2. Client Acknowledgement The Client acknowledges and agrees that:
2.1. Legal Authorisation: In the absence of explicit written consent, Lean Security’s penetration testing activities may constitute an offence under Australian cybercrime laws (e.g., Crimes Act 1914). The Client hereby provides express consent for Lean Security to conduct the Penetration Testing Services.
2.2. Reliance on Client Information: Testing is conducted based on information provided by the Client (“Client Information”), including system details, access credentials, and scope boundaries. Lean Security is not obligated to verify the accuracy or completeness of Client Information.
2.3. Deliverables: Findings, reports, and recommendations (“Deliverables”) are produced based on Client Information and may not account for undisclosed systems or configurations.
3. Confidentiality and Intellectual Property
3.1. Confidentiality Obligations: Both parties agree to treat all data exchanged during the engagement (“Confidential Information”) as confidential. Disclosure to third parties requires prior written consent, except where legally mandated (e.g., under the Privacy Act 1988).

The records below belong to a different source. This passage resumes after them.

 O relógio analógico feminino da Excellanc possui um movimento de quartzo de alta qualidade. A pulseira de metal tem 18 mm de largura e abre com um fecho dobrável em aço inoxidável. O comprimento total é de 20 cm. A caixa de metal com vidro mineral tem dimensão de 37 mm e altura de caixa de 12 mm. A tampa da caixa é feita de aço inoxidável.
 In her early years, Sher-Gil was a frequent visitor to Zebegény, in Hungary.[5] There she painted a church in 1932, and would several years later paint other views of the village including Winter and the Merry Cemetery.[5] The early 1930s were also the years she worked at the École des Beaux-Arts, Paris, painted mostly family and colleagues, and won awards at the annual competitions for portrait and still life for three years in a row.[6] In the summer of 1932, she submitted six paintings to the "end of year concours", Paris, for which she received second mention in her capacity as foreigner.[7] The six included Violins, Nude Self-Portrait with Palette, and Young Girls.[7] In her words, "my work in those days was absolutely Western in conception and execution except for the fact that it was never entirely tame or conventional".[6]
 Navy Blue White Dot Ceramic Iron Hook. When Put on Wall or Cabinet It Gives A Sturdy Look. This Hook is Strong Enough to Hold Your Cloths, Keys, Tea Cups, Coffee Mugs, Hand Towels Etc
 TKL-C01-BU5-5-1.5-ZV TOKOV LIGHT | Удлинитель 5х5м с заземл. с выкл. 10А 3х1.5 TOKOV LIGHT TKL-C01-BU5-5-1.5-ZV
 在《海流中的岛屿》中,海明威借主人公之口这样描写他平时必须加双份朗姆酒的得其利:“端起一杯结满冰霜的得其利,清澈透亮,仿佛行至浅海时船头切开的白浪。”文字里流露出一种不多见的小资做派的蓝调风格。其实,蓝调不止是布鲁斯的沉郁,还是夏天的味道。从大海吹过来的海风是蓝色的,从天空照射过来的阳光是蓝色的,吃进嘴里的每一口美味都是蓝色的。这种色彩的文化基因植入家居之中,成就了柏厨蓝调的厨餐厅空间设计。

3.2. Intellectual Property: All tools, methodologies, and pre-existing materials used by Lean Security remain its exclusive property. Reports and custom deliverables (“Deliverables”) vest in Lean Security upon creation. Lean Security grants the Client a non-exclusive, perpetual, worldwide, royalty-free licence to use, reproduce, and distribute the final report or its executive summary, provided that any distribution to third parties (including but not limited to customers, auditors, and insurers) is made under a Non-Disclosure Agreement (NDA). The Client may also store and use the Deliverables in its internal compliance management systems.
4. Rules of Engagement
4.1. Testing Plan: Lean Security will submit a testing plan detailing scope, methodologies (e.g., OWASP Top 10, MITRE ATT&CK), and timelines prior to commencement. The Client must approve this plan in writing.

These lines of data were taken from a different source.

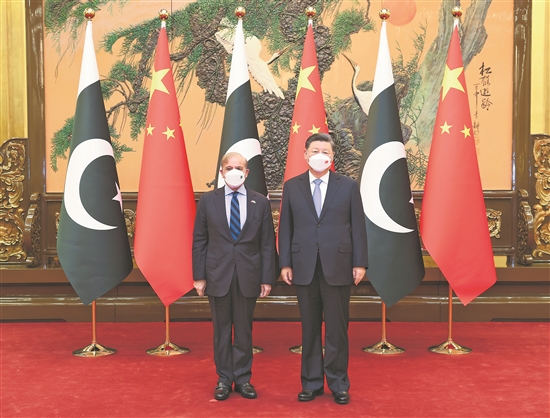 习近平介绍了中国共产党第二十次全国代表大会取得的重要成果。习近平指出,中国将继续坚持对外开放基本国策,不断以中国新发展为包括巴基斯坦在内的世界各国提供新机遇。中方愿同巴方深化发展战略对接。双方要用好中巴经济走廊联合合作委员会机制,以更高效率推进中巴经济走廊建设,将其打造成“一带一路”高质量发展示范性工程。要加快推进瓜达尔港配套基础设施建设,发挥港口对地区联通发展的辐射带动作用。双方要共同努力,为早日实施一号铁路干线升级改造项目和卡拉奇环城铁路项目创造条件。中方欢迎巴基斯坦扩大优质农产品对华出口,愿同巴方拓展数字经济、电子商务、光伏等新能源合作,扎实推进农业、科技、民生等领域合作,将继续为巴方稳定金融形势提供力所能及的支持。中方支持中国工业强省同巴方结对子推进产业合作,希望巴方提供良好营商环境。我高度牵挂在巴中国人的安全问题,希望巴方为赴巴基斯坦开展合作的中国机构和人员提供可靠安全环境。
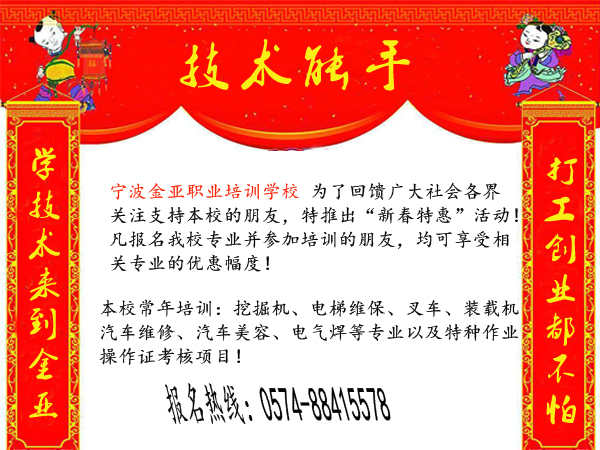 浙江哪个汽修培训学校好?选择宁波金亚汽车专修学校。学校以教授技术为主,学员就业为目的。 浙江哪个汽修培训学校最大?还是宁波金亚汽车专修学校。学校有实践操作场地约50亩,教学设备先进齐全。 浙江汽车专修培训学校哪个最专业?我们是专业的汽车专修学校。 我们教学专业,让你学到真技术;我们管理专业,让你学会做人处事;我们服务专业,让你就业安心踏实。 浙江省哪个汽车专修培训学校最正规?宁波金亚汽车专修培训学校,目前我校已经成为浙江省退伍军人定点挖掘机培训学校。 想学好汽修,想要好工作就来宁波金亚汽车专修培训学校。
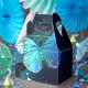 Fabulous, glowing, blue and yellow, night butterfly on dark background.

4.2. Boundaries: Testing will adhere to agreed-upon boundaries (e.g., no denial-of-service attacks, social engineering, or physical testing) to minimise operational disruption.

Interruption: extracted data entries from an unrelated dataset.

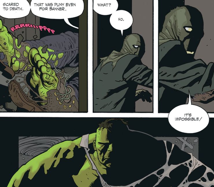 Bruce Banner acaba de ser asesinado por un supervillano de Marvel de una manera tan patética que incluso el Casco estaba avergonzado. Desde entonces El inmortal Hulk esencialmente reescribió la relación de Bruce y el Goliat Verde con la vida y la muerte, Hulk tiene una ventaja inquietante contra cualquier villano al que se enfrenten. En este caso, el enfrentamiento de Banner con Ebenezer Laughton, también conocido como el Espantapájaros, es tan aterrador que Bruce Banner literalmente muere de miedo.
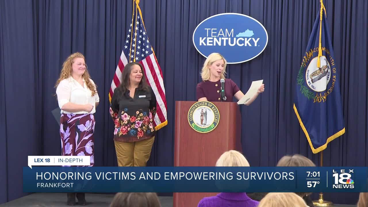 "To the survivors who are out there and might be listening, I want you to know that there is help," First Lady Beshear said.
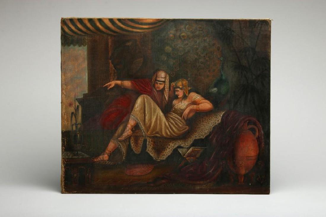 Oil Canvas Figures Egyptian Interior Scene Monogram CV
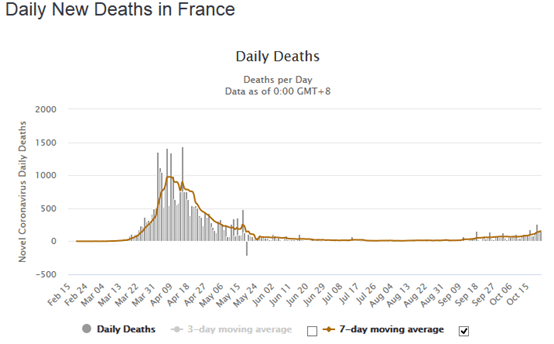 Le taux de mortalité Covid est, à ce jour, de 528 décès par million d'habitants (hors décès à domicile), pour une moyenne mondiale de 147,5. Pour le nombre des décès, la France est à la quatrième place européenne (sur 48 pays ou territoires) derrière le Royaume Uni, l'Italie et l'Espagne.
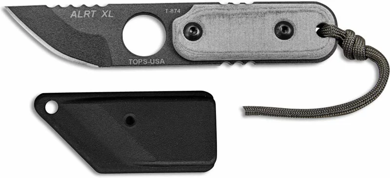The TOPS ALRTXL 05 Neck Knife is a compact little powerhouse that features a 2.75 inch Hunters Point fixed blade made of 1095 steel, .190 inch thick, with a Rockwell hardness of 56-58, a non reflective Black Traction Coat, and a large finger hole and notched thumb rest for secure grip and precise control. The ALRTXL 05 (Anywhere Last Resort Tool) has full tang construction for strength; contoured black linen Micarta scales and a lanyard hole. An injection molded neck sheath is included. The TOPS Knives ALRTXL 05 Neck Knife has an overall length of 5.37 inches, and it weighs 3.5 ounces; 4.3 ounces with the sheath. Made in the USA.
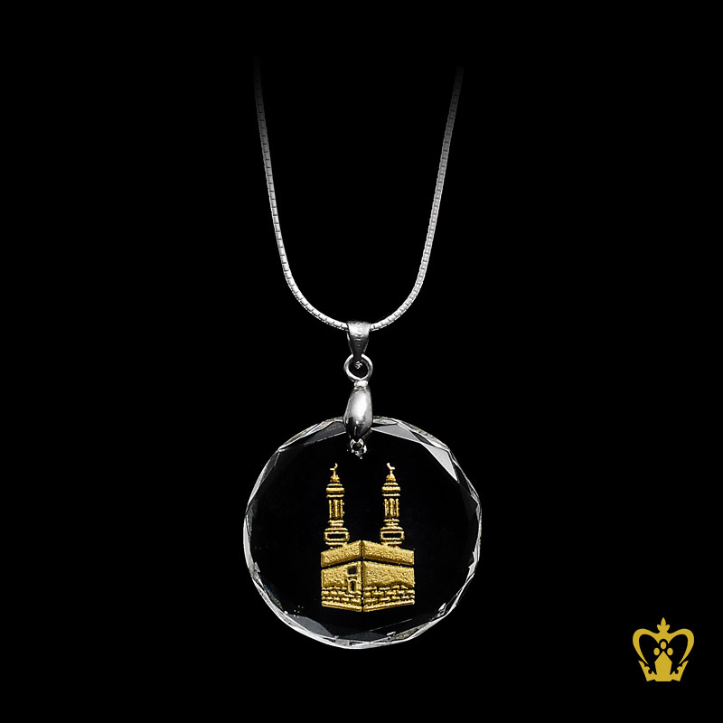 Crystal Round Pendant Diamond Cut Holy Kaaba Engraved with Gold Color Islamic Occasions Gift Religious Eid Ramadan Souvenir

5. Liability and Indemnity
5.1. Each party is responsible for, and shall indemnify the other against, any losses, damages or claims arising directly from its own negligence, breach of contract, or wilful misconduct.
5.2. Except as otherwise required by law, neither party shall be liable to the other for any indirect, consequential, or special losses (including loss of profit, revenue, or data).
5.3. Each party’s total aggregate liability arising out of or in connection with this engagement shall be limited to the total fees paid for the Services giving rise to the claim, except in cases of fraud, gross negligence, wilful misconduct, or breach of confidentiality, for which no such cap shall apply.
6. Insurance Lean Security confirms that it maintains adequate Professional Indemnity and Public Liability insurance for the duration of the engagement. A Certificate of Currency will be provided upon request.
7. Governing Law This agreement is governed by the laws of New South Wales, Australia. Disputes will be resolved through arbitration in Sydney, NSW, under the Commercial Arbitration Act 2010.